On April 4, we launched the public grader at /grader — no authentication required. Anyone can paste a system prompt, add test cases, and get a full evaluation with a radar chart and shareable scorecard.
The architecture:
POST /api/grader/run (rate-limited 5/day/IP)
→ Validate with Zod
→ Execute agent with system prompt (Sonnet)
→ Grade with 4 criteria (LLM judge, safety, script, format)
→ Persist to Firestore (graderRuns/{runId})
→ Stream results via SSE
→ Generate OG image for social sharingThe OG image was a fun challenge. We needed a server-rendered radar chart for Twitter/LinkedIn previews, but Satori (Vercel's OG image library) doesn't support recharts. The solution: generate an SVG data URI server-side with raw path calculations, then embed it in the OG image template.

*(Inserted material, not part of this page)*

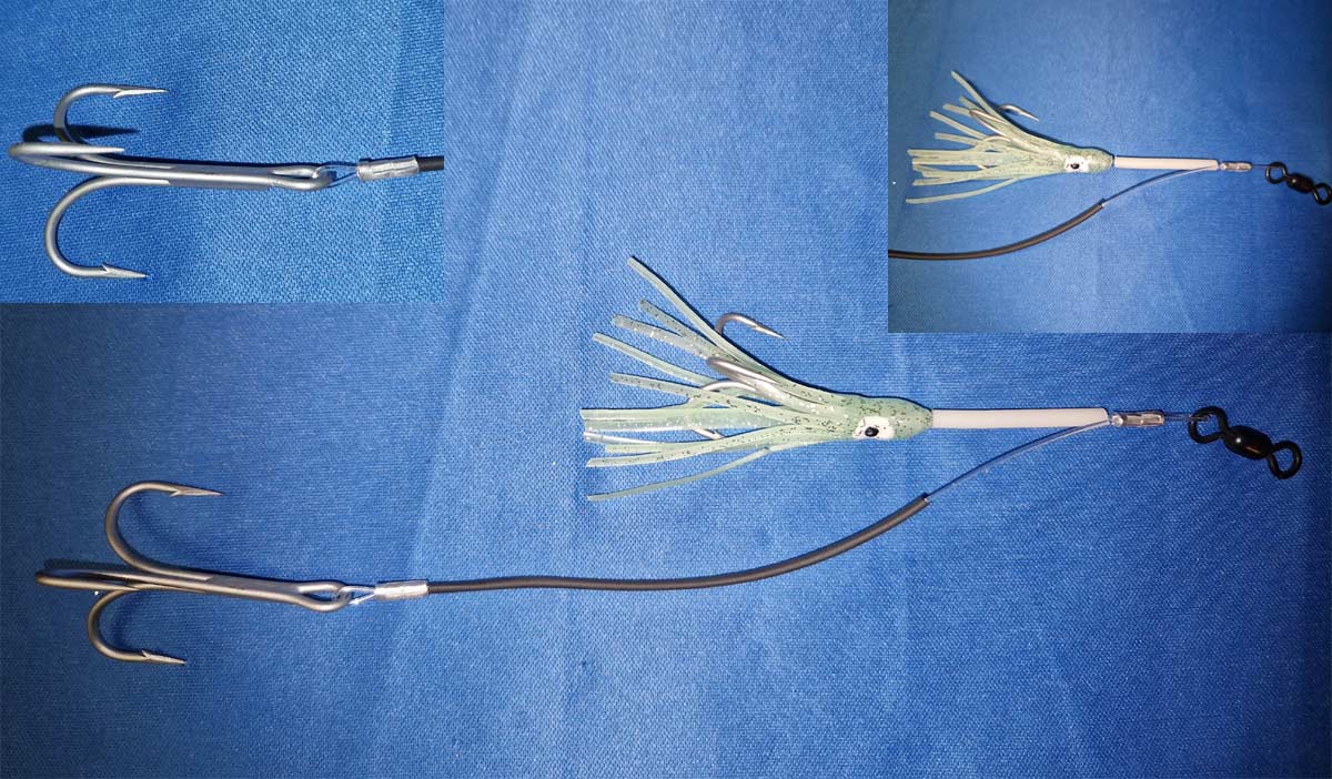 Verbaut werden hier VMC Drillinge, Rosco Wirbel und Sprengringe und 1,00mm Schnur.

The Endpoint Grading Pivot
On April 5, we realized the public grader had a flaw: grading system prompts costs us ~$0.15-0.30 per run (Sonnet execution + Sonnet judge). For a free, unauthenticated tool, that's unsustainable.
The pivot: grade external HTTP endpoints instead of system prompts. The user provides their agent's URL, Kopern sends adversarial requests, and evaluates the responses. The execution cost is zero (it runs on the user's infrastructure). The judge LLM switches from Sonnet to Haiku (~$0.0025 per grading). Total cost reduction: ~98%.
This also made the tool more useful. Grading a system prompt proves little — frontier models handle basic attacks natively. Grading a live endpoint reveals real production vulnerabilities: latency issues, inconsistent responses, actual injection susceptibility.
Scheduled Grading
Agents drift. Models update. Data changes. A one-time grade is a snapshot; continuous grading is observability.
We added Vercel Cron integration: configure a schedule (daily, weekly, custom cron expression), set alert thresholds, and get notified via email, Slack webhook, or custom webhook when quality drops. The GradingAlertConfig supports two trigger types:
- Score drop: Alert when the score decreases compared to the previous run
- Threshold: Alert when any criterion drops below a configured minimum
Every grading case creates a Firestore session with full observability — the same session format used by the playground. You can replay any grading interaction, inspect tool calls, and understand exactly why a test case passed or failed.
What We Learned
LLM judges need guard rails. Early versions of the Stress Lab were either too lenient (everything passed) or too strict (false positives on legitimate responses). Category-specific rubrics with calibrated examples solved this.
Billing leaks are real. We found two routes (generateImprovementNotes and llm-judge.ts) that called streamLLM() directly without tracking token usage. Every direct LLM call outside of runAgentWithTools() must be audited for billing.
Grading is the moat. The agent builder is table stakes — everyone has one. The autonomous quality loop (grade → analyze → optimize → re-grade) is what makes agents production-ready. It's the feature that makes Kopern worth switching to.
The grading system is fully accessible via MCP tools (kopern_run_grading, kopern_get_grading_results, kopern_run_autoresearch), so you can integrate it into your CI/CD pipeline. Grade your agent on every commit. That's the goal.